Lindebo Holm, T., et al. (2012). “Pharmacological Evaluation of the SCID T Cell Transfer Model of Colitis: As a Model of Crohn’s Disease.” Int J Inflam 2012: 412178. PubMed

Animal models are important tools in the development of new drug candidates against the inflammatory bowel diseases (IBDs) Crohn’s disease and ulcerative colitis. In order to increase the translational value of these models, it is important to increase knowledge relating to standard drugs. Using the SCID adoptive transfer colitis model, we have evaluated the effect of currently used IBD drugs and IBD drug candidates, that is, anti-TNF-alpha, TNFR-Fc, anti-IL-12p40, anti-IL-6, CTLA4-Ig, anti-alpha4beta7 integrin, enrofloxacin/metronidazole, and cyclosporine.
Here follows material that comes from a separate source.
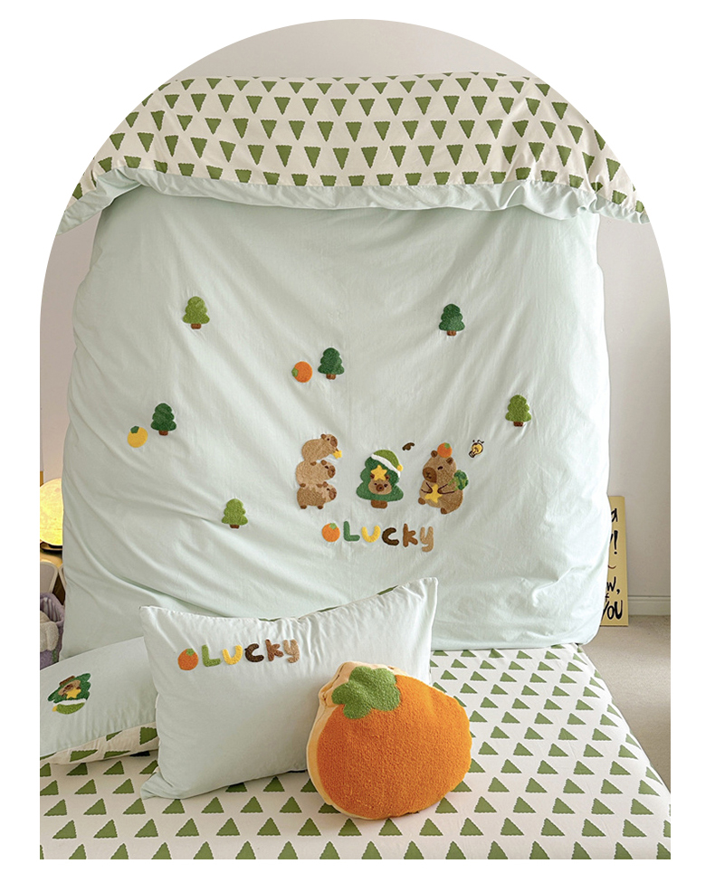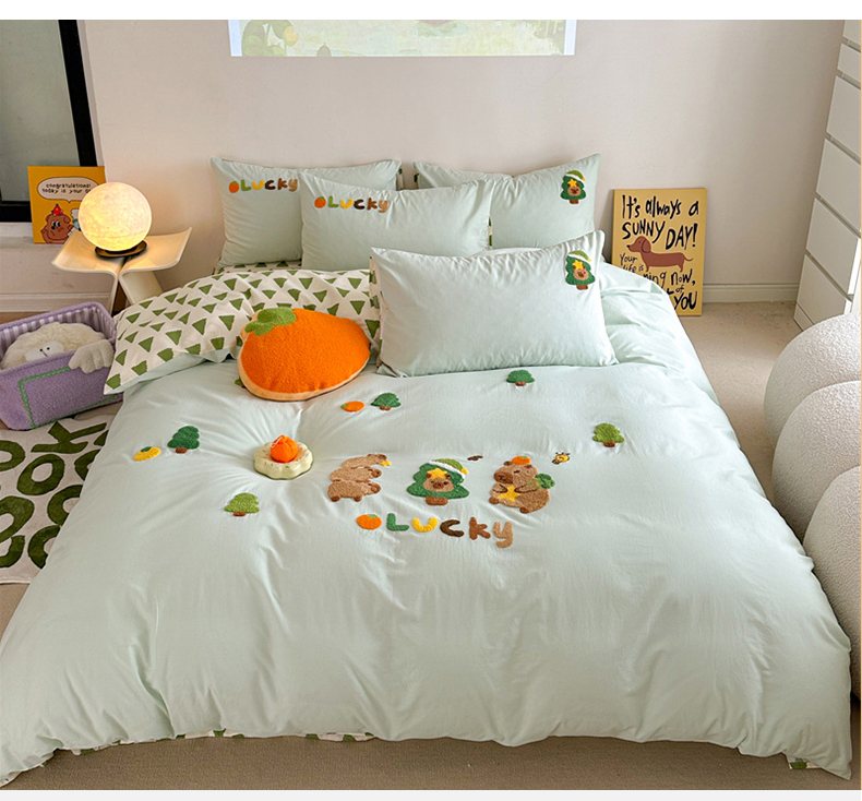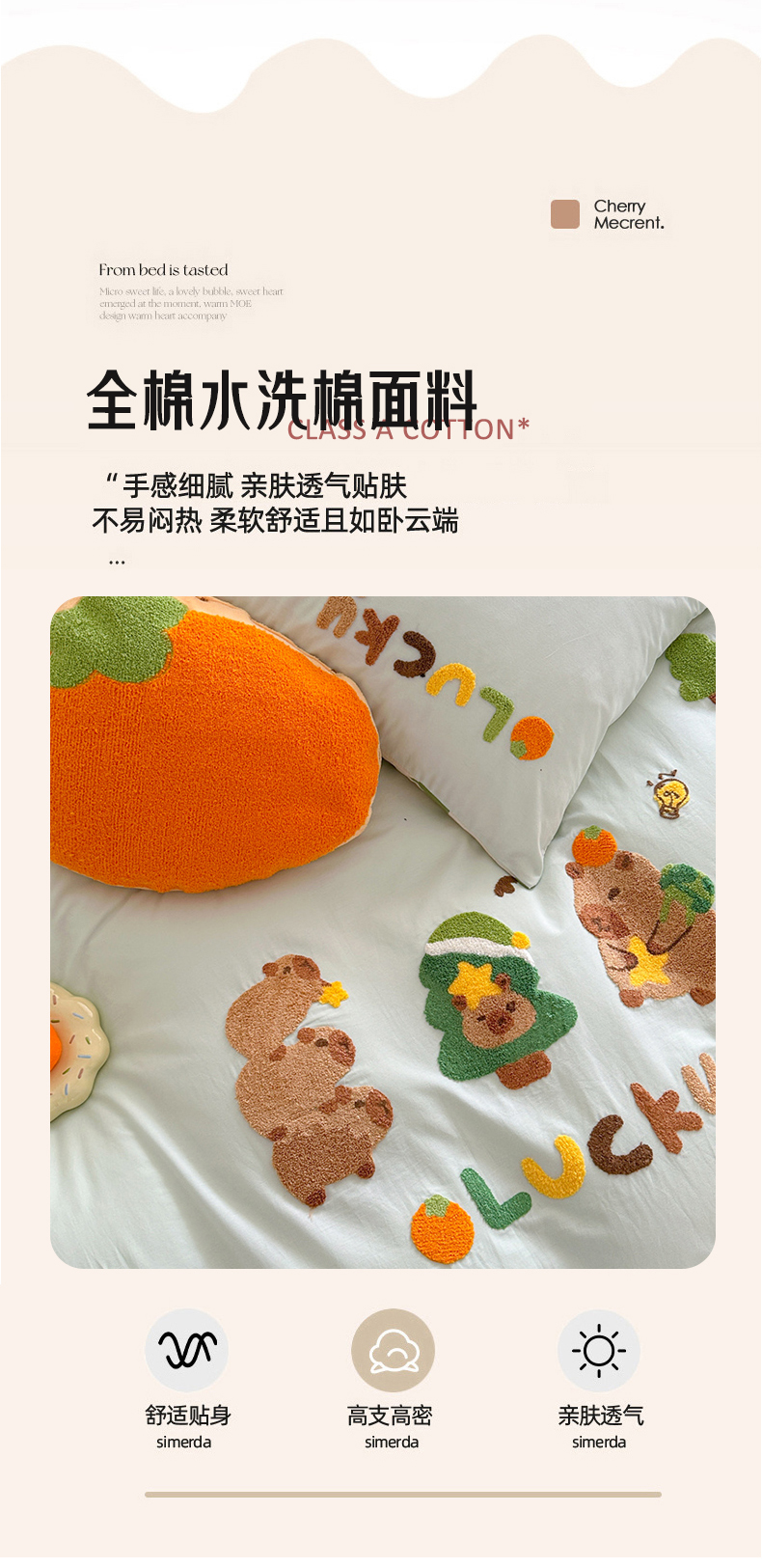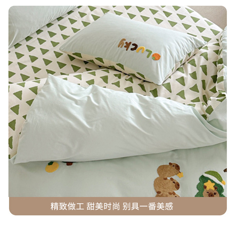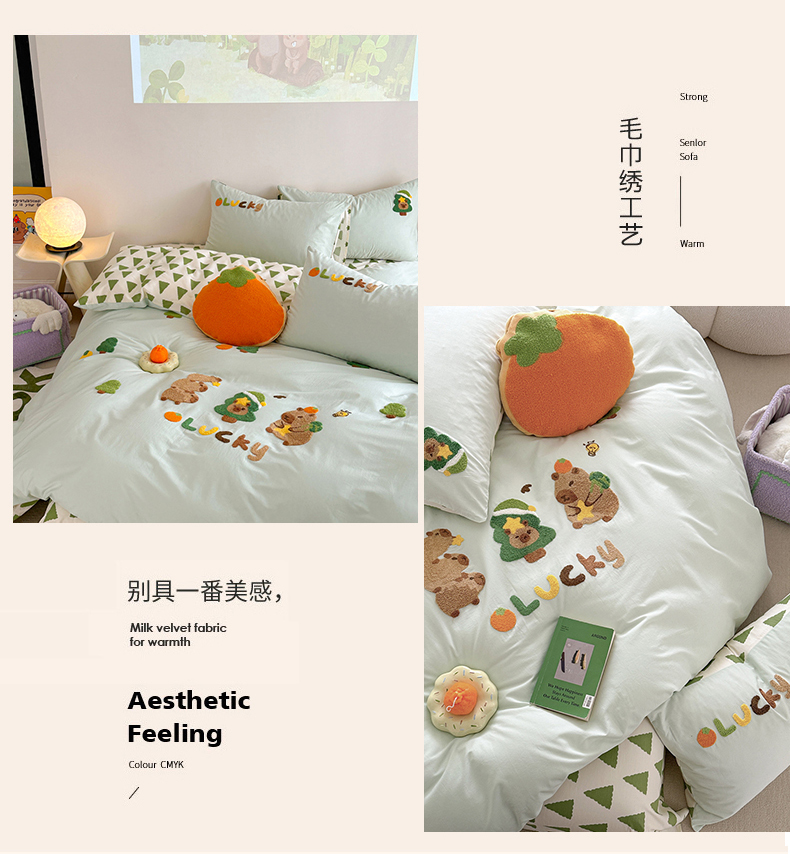 商品名称:眠屿 2024新款A类全棉40支水洗棉毛巾绣四件套 卡皮巴拉

We found that anti-TNF-alpha, antibiotics, anti-IL-12p40, anti-alpha4beta7 integrin, CTLA4-Ig, and anti-IL-6 effectively prevented onset of colitis, whereas TNFR-Fc and cyclosporine did not. In intervention studies, antibiotics, anti-IL-12p40, and CTLA4-Ig induced remission, whereas the other compounds did not. The data suggest that the adoptive transfer model and the inflammatory bowel diseases have some main inflammatory pathways in common. The finding that some well-established IBD therapeutics do not have any effect in the model highlights important differences between the experimental model and the human disease.